What are tokenomics?

In it’s basic form the tokenomics represents the economics of a crypto token. All it’s features, mechanics, functionality, utility, policies, ect,. The tokenomics for each token are often unique (unless forked, think “copy and paste”), details are often found in the whitepaper or litepaper of the relevant project.

Why are tokenomics so important?

Each project, platform and blockchain has their own micro-economic ecosystem, constantly changing and evolving. To know how that ecosystem works and if it is likely to succeed you need to have a grasp of their tokenomics. The goal is to seek out the model’s and designs that can achieve their aims/objectives and become stable and functional. No small feat.

Where’s the value in tokenomics?

Essentially all economics are driven by incentives, one way or another. Let’s take the dentist anology. People adhere to their dentists’s recommendations (or so i’m told, I dunno. I’m British innit) to maintain dental hygiene and lower the risk of problems, they pay for this incentive. In economics the incentives are commodities, equities, currency, and now crypto.

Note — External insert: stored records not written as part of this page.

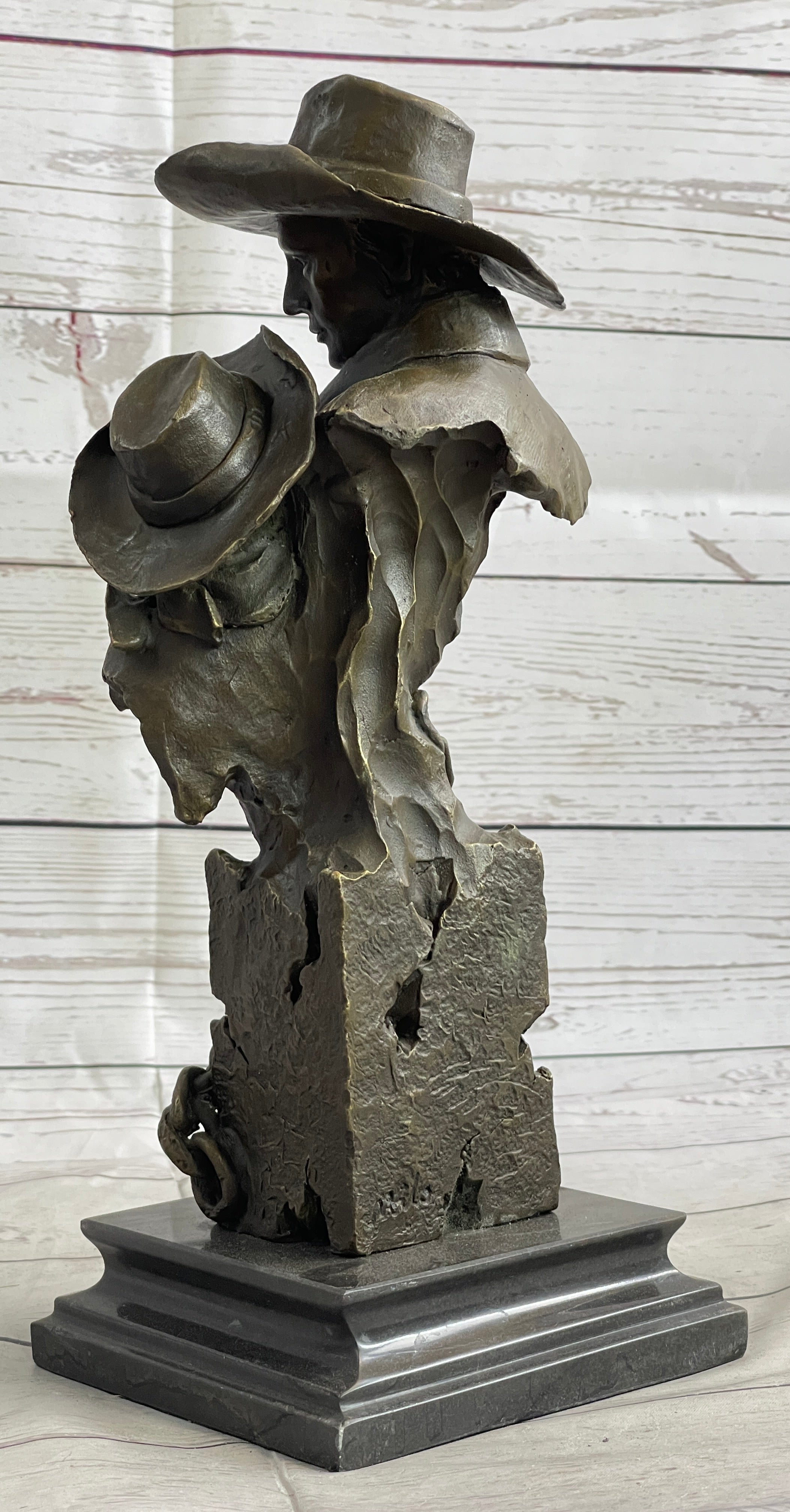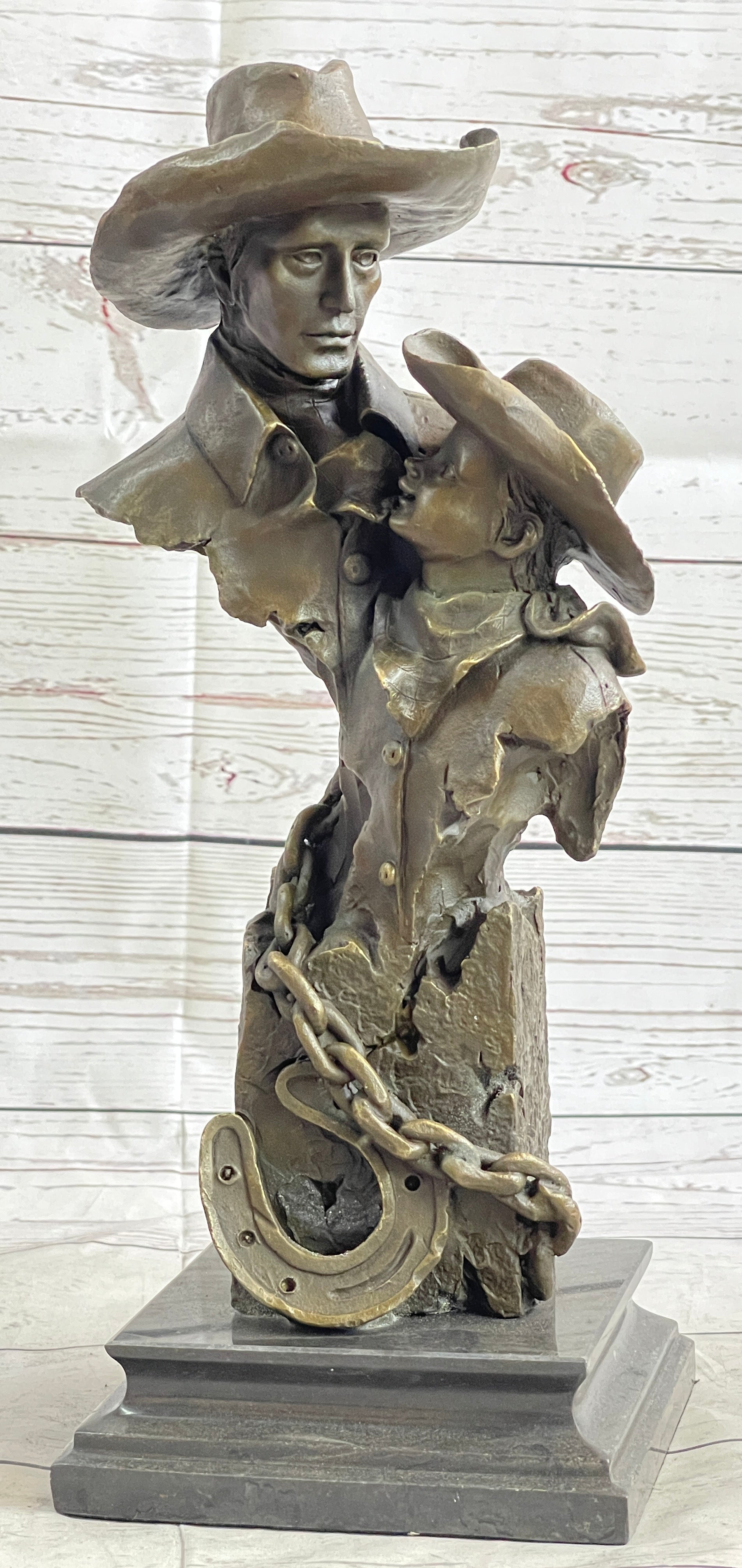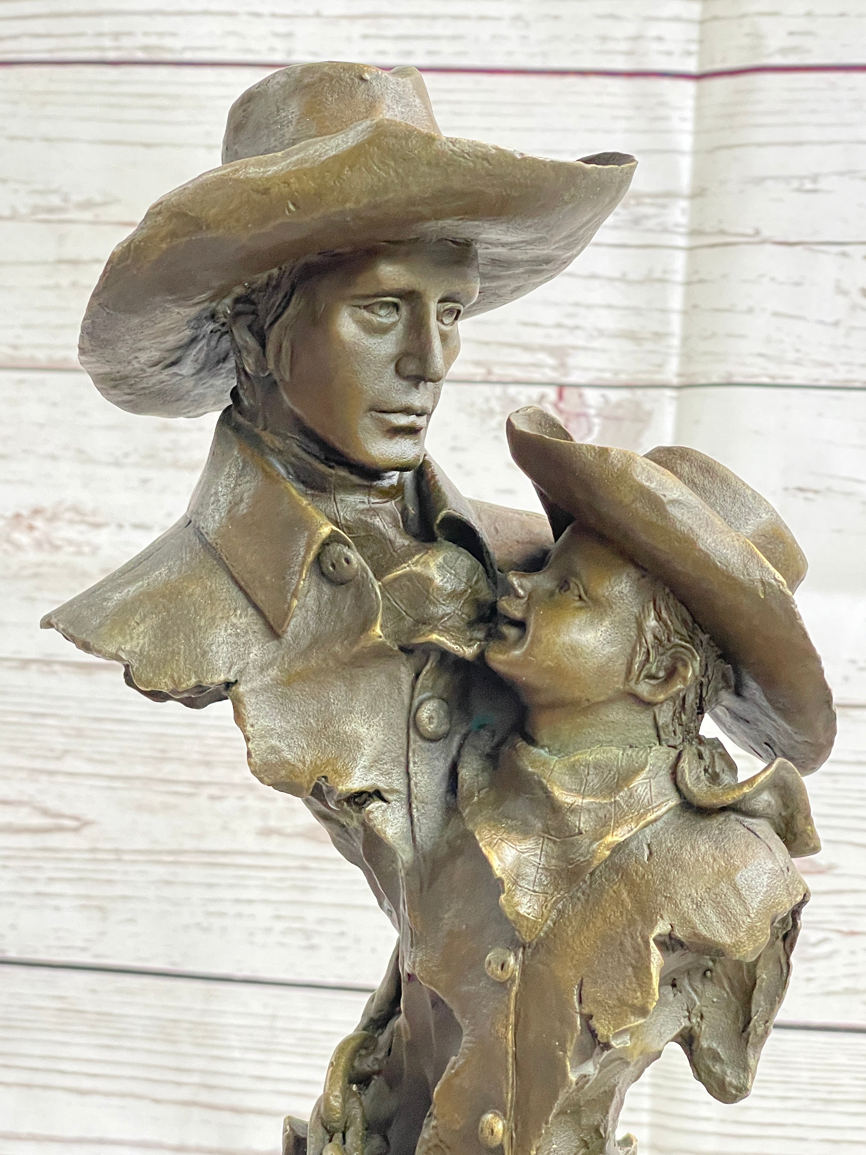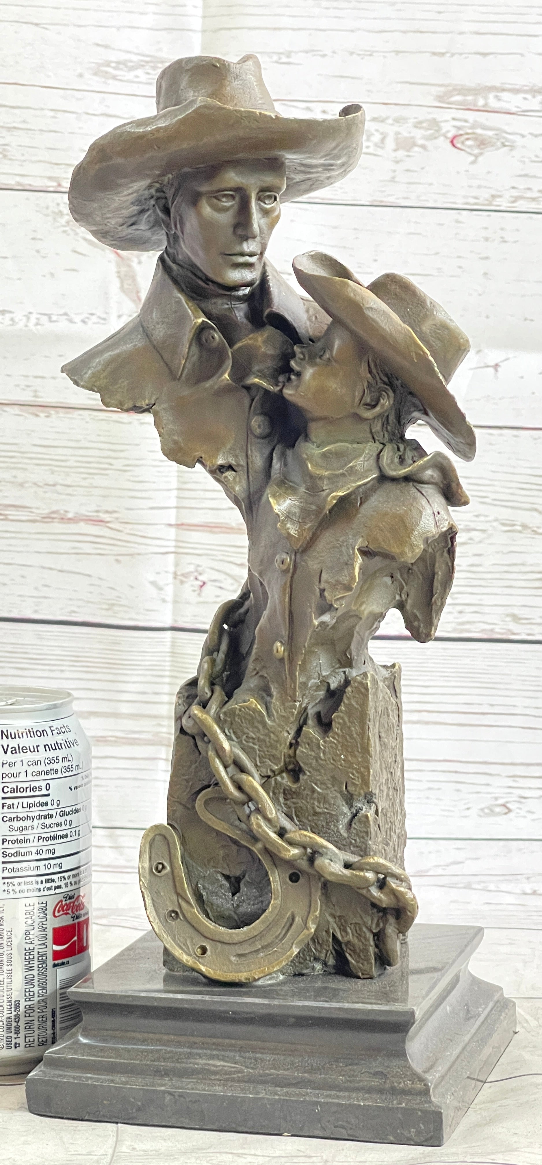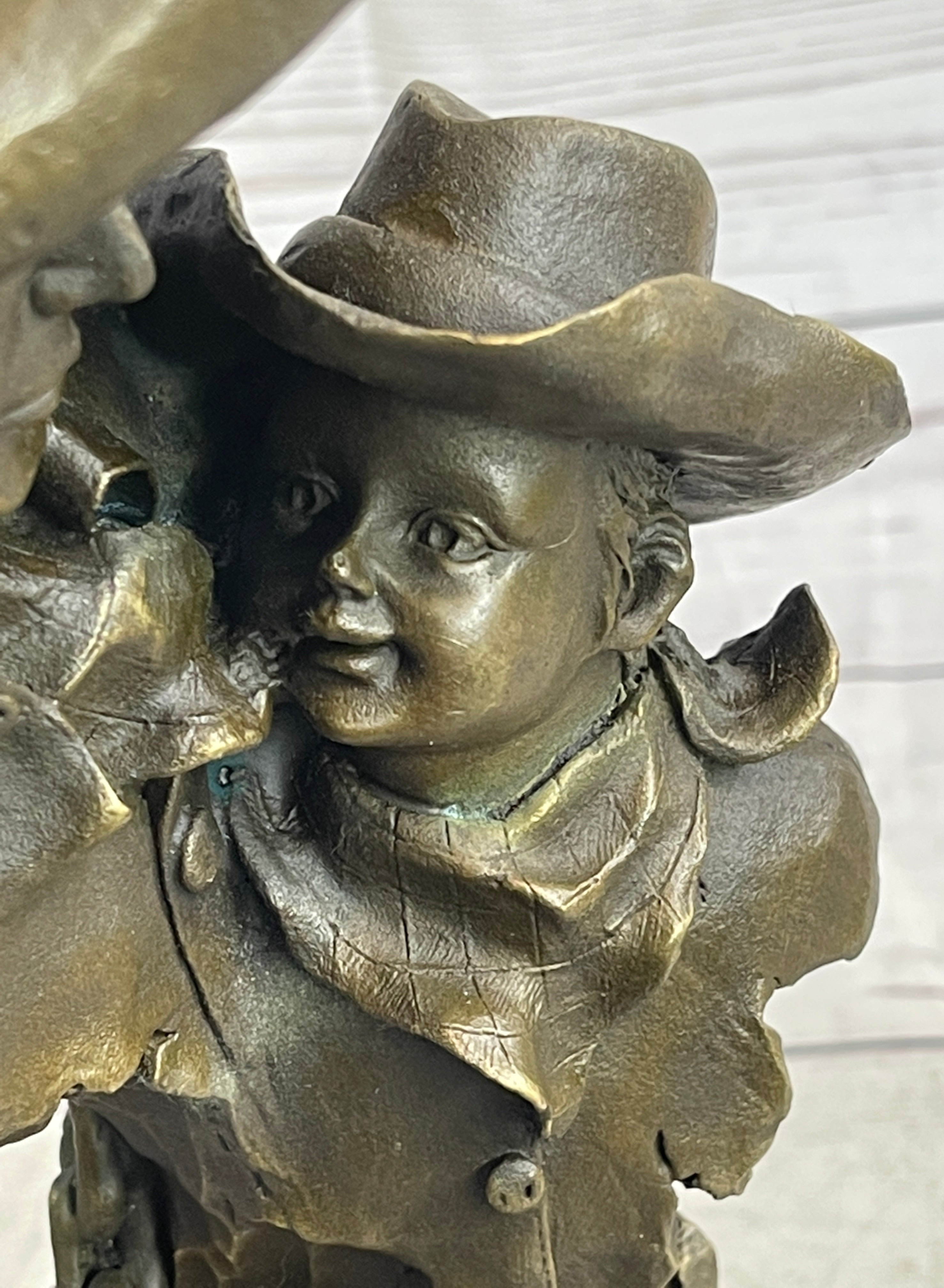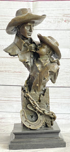 Just Like Papa Western Cowboy and Son Bronze Bust Statue Sculpture 13" x 6"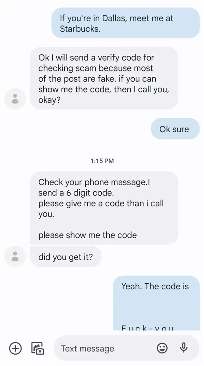 Luckily, not all people get caught up in scammers’ lies and sometimes even manage to troll them. We’ve gathered the funniest new instances when people caught scammers off guard and verbally destroyed them. So check them out below and don’t forget to upvote your favorite ones.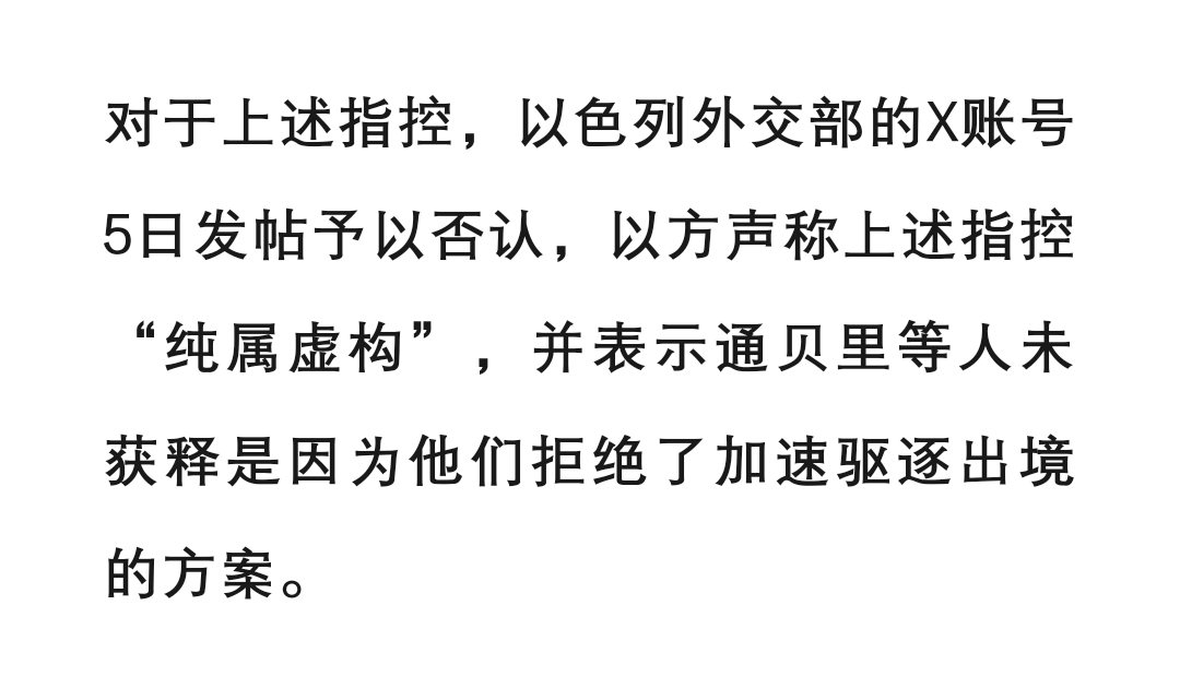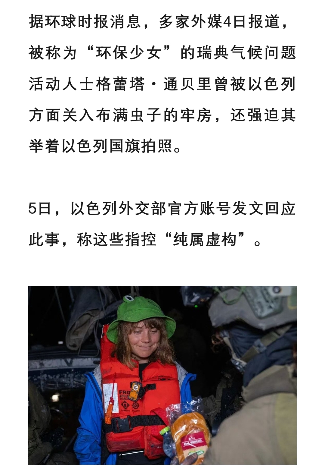 以色列外交部发表声明,称瑞典环保少女通贝里被以军虐待的事情“纯属虚构的无耻谎言”。声明里还说,是通贝里自己拒绝获释,并自己要求延长拘押。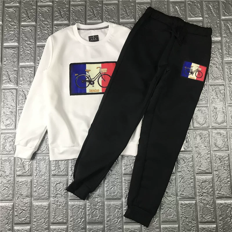 Nam giới giản dị bộ đồ thể thao mùa xuân và mùa thu Hàn Quốc áo len chui đầu có mũ sinh viên thủy triều thương hiệu hai mảnh phù hợp với nam giới - Bộ đồ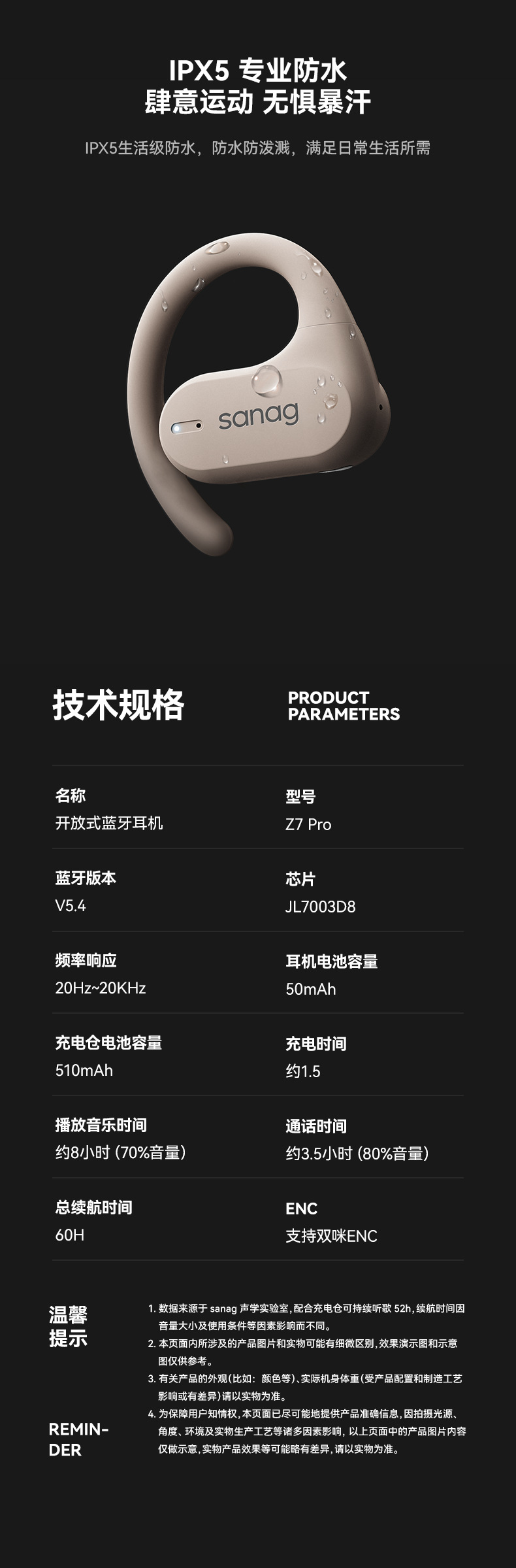 商品名称:SANAG/塞那真无线开放式蓝牙耳机Z7pro

Cryptocurrency was never intended to be free, that isn’t a bad thing. Value is essential and often propels different tokens for different reasons. Often in cycles. Value however, does not need to be tangible, and in the case of crypto it isn’t.

Tokens are most commonly used to facilitate decentralization, capital efficiency and flow of liquidity.

Are there different types of tokens?

Yes, and it’s important you know them. Although they seem to be constantly changing there are some prevailing types. These are:

Layer 1 Tokens: Native to a blockchain they are often used as uphold the relevant network. Most famous layer 1 tokens could be BTC or ETH.

Layer 2 Tokens: These tokens are most commonly linked to specific protocols. Layer 2 protocols operate on top of Layer 1’s. For example, Polygon’s token MATIC.

Security Tokens: These are linked to investment smart contracts. Due to some of the similarities they share with securities that’s what they have been dubbed. They often derive their value from trade-able and external sources, as a result they are one of the tokens under most regulatory pressure. For example, Uniswap’s token UNI, Uniswap is a decentralized exchange operating on the Ethereum network.

Utility Tokens: Often used in Initial Coin Offerings (ICOs), these tokens are often used to finance a network. For example, stablecoins like FRAX or USDC.

There are also different classifications of tokens.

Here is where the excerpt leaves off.